Im Juli ist außerdem ein selbstgestaltetes T-Shirt mit der Aufschrift „BELLA CIAO“ in meinen Kleiderkasten eingezogen. Wer die letzten Life Updates aufmerksam verfolgt hat, hat vielleicht mitbekommen, dass ich total begeisterter Haus des Geldes Fan bin. Das Lied Bella Ciao ist seitdem fixer Bestandteil meiner Spotify Playlist und ich habe immer mal wieder im Internet nach einem dazu passenden Shirt gesucht. Leider wurde ich aber nie fündig, deshalb habe ich mir jetzt einfach mein eigenes Design erstellt und bei Spreadshirt drucken lassen. Falls ihr auch so ein Shirt haben wollt – das Design hätte ich noch gespeichert, haha.

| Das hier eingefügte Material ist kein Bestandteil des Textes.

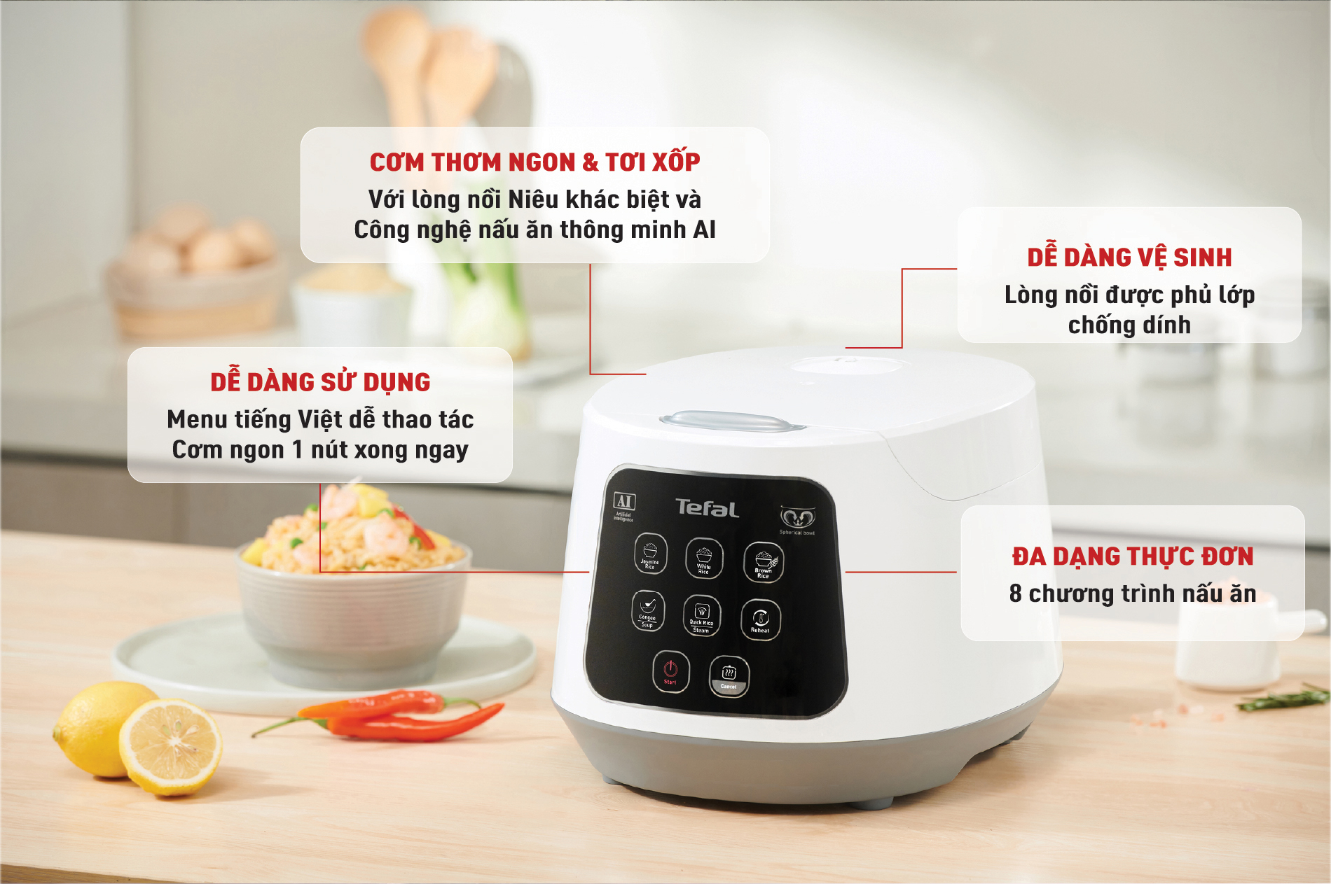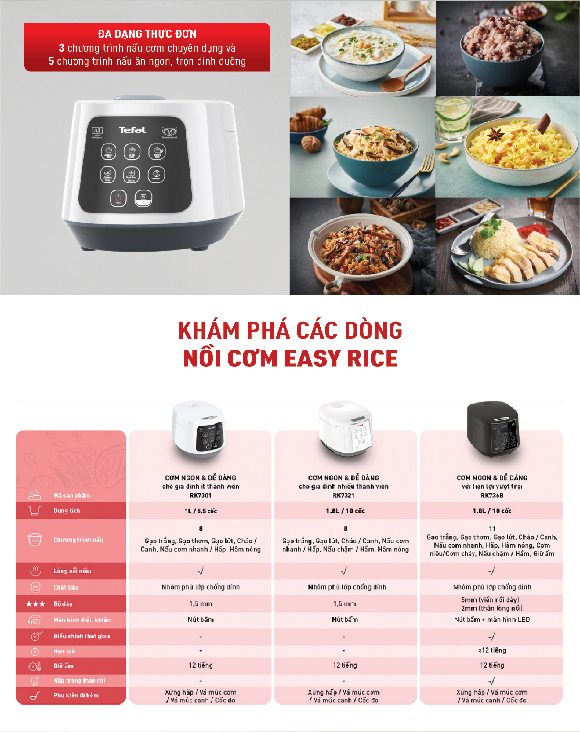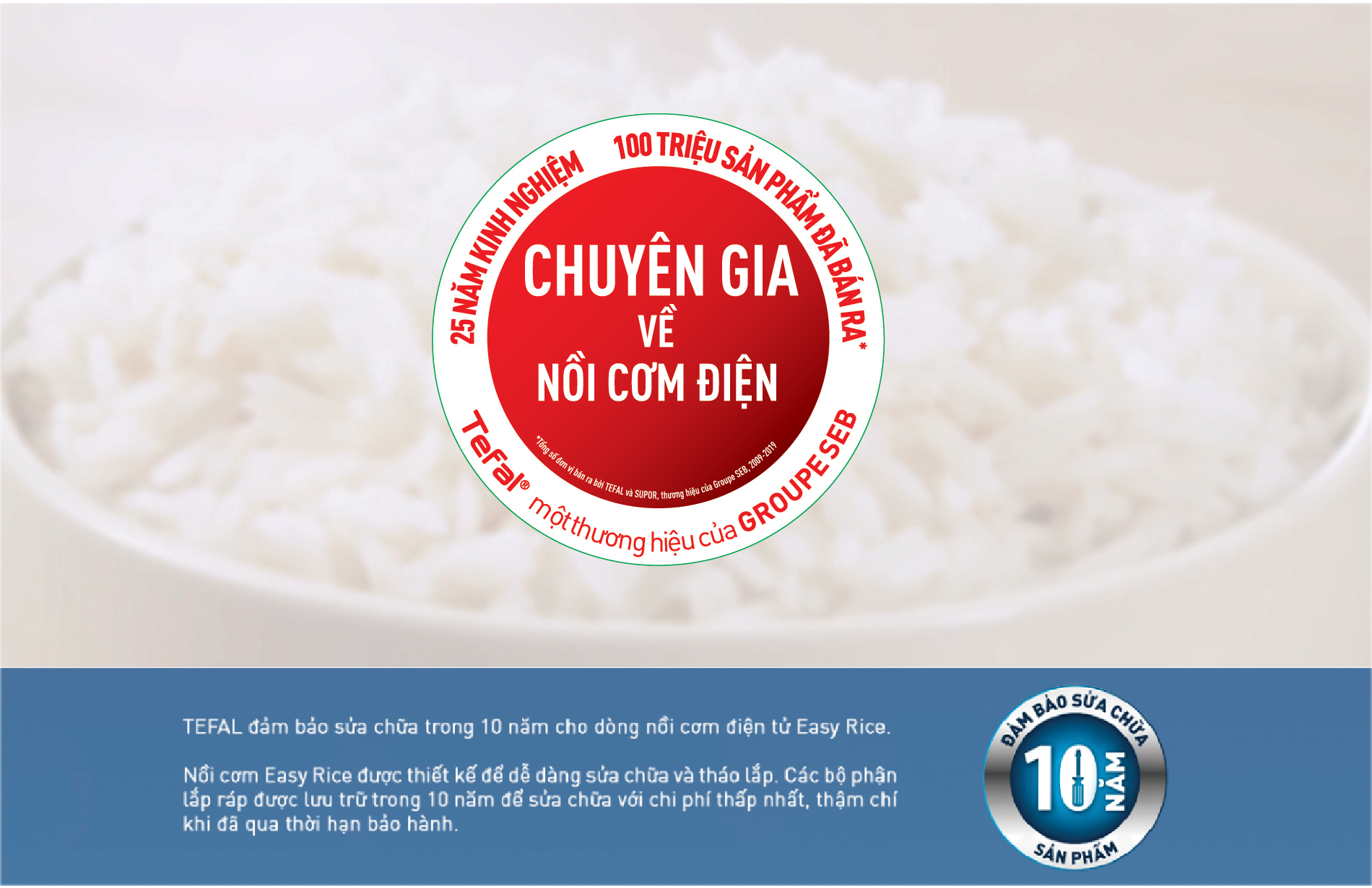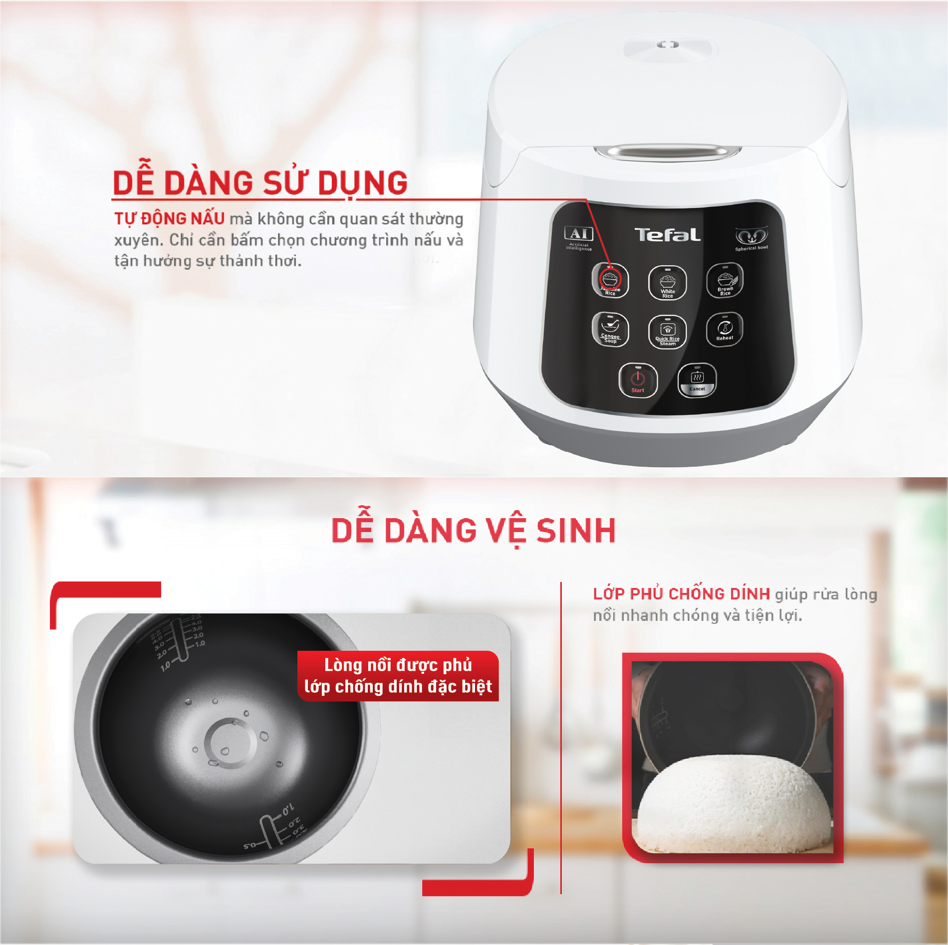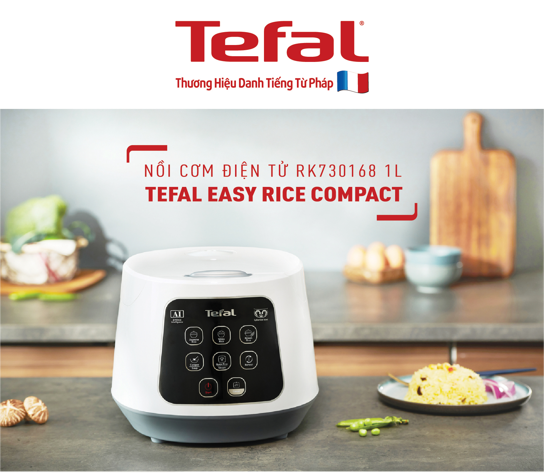 Nồi cơm điện Tefal Easy Rice Compact RK730168 - Dung tích 1L - Công suất 600W - Dễ dàng sử dụng với 1 nút nhấn - Công nghệ điện tử Fuzzy Heating - Hàng chính hãng
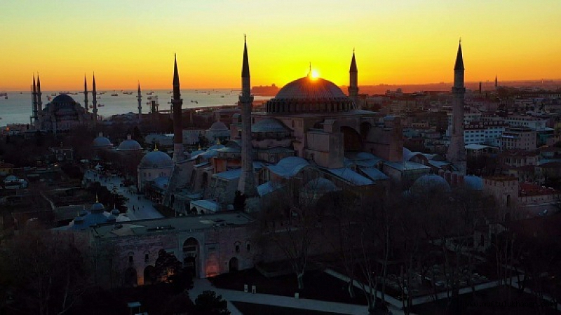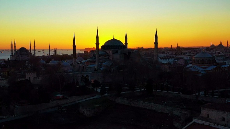 Drone ile çekilen görüntülerde gün batımıyla kızıla bürünen gökyüzü Ayasofya'ya manzarasına eşsiz güzellik katıyor.
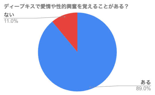 男女100人に独自のアンケートを取りました。ディープキスで愛情や興奮を覚える人がほとんどのようですね。
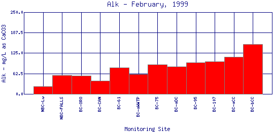 Alkalinity refers to how well a water body can neutralize acids. Alkalinity measures the amount of alkaline compounds in water, such as carbonates (CO3 2-), bicarbonates (HCO3 -), and hydroxides (OH-). These compounds are natural buffers that can remove excess hydrogen ions that have been added from sources such as acid rain or acid mine drainage. Alkalinity mitigates or relieves metals toxicity by using available HCO3 - and CO3 2- to take metals out of solution, thus making it unavailable to fish. Alkalinity is affected by the geology of the watershed; watersheds containing limestone will have a higher alkalinity than watersheds where granite is predominant. The Boulder Creek Watershed is composed primarily of granite rocks, thus the water has a lower alkalinity content.

Geärgert habe ich mich in den vergangene Wochen über die aktuelle Parksituation im 23. Bezirk. Ich finde vor meiner Firma nur mehr in Ausnahmefällen einen guten Parkplatz, was wirklich ärgerlich ist. Habe ich dann mal einen, werde ich so gut wie immer zugeparkt. Normalerweise habe ich aber immer noch Platz zum rausfahren. Letztens musste ich mir aber wirklich auf den Kopf greifen, ich hatte einfach nur ein paar cm Platz zum Ausparken, hinten und vorne. Großartig, ganz ganz großartig. Ich weiß nicht wie, aber ich hab es dann nach ca. 4811045 Mal hin und herschieben geschafft.

Ungewöhnliches Model

Ich habe mich heuer dazu entschlossen, bei der Werbegestaltung fürs Dorffest in meinem Heimatort zu helfen. Nachdem ich zum ersten Mal gefragt wurde, habe ich mir nur gedacht: „oook, was soll ich da bitte machen?“. Ich hätte es mir ja wirklich nicht gedacht, aber es macht mir richtig Spaß und ich hatte nach einer kurzen Überlegungszeit unzählige Ideen, die von den anderen sofort sehr positiv aufgenommen wurden und die wir jetzt schon zum Teil umgesetzt haben, bzw. gerade noch umsetzen. Unter anderem hatte ich im Juli eine Kuh vor der Kamera, haha. Mittlerweile habe ich ja wirklich schon fast alles fotografiert, vom Hund über die Katze bis hin zur Kuh.

 


Into the forest I go…

Auch so eine Zwischenüberschrift, die ich immer wieder gerne verwende. Ich liebe es einfach, wandern zu gehen. Als dann meine österreichische Lieblings-Instagrammerin Sabrina von berosagogreen Bergfex Pro Versionen an ihre Follower „verschenkt“ hat, habe ich natürlich nicht lange gezögert und mich sofort angemeldet. Um die App zu testen, bin ich dann mit meiner Freundin Anna in Richtung Großer Sonnleitstein aufgebrochen. Wie sagt man so schön? The best view comes after the hardest climb. Einer der abgedroschensten Sprüche ever, haha, aber in dem Fall doch sehr zutreffend. Der Ausblick vom Sonnleitstein war einfach einmalig! Aja und by the way: die App ist wirklich praktisch, unseren Rückweg haben wir dank dem Tracking von Bergfex problemlos gefunden. Handynetz hatten wir dort nämlich überhaupt keines.

 


Ohrwurm des Monats:  CORDULA GRÜN 

What’s up next?

FREQUENCY olé! Im August geht es für mich auf mein allererstes Festival überhaupt. Ich freue mich ja schon jetzt wahnsinnig darauf, vier Tage nur Katzenwäsche zu machen.  Nein, natürlich nicht. Mir graust jetzt schon, haha. Aber das Line-Up am heurigen Frequency Festival ist einfach zu gut, um nicht hinzufahren. Trailerpark, Macklemore, Tom Walker, Walk off The Earth, Kygo, Bastille, Imagine Dragons und und und – I’M IN LOVE! Ich wünsche euch einen tollen Start in den August und hoffe, dass wir uns schon bald wieder lesen.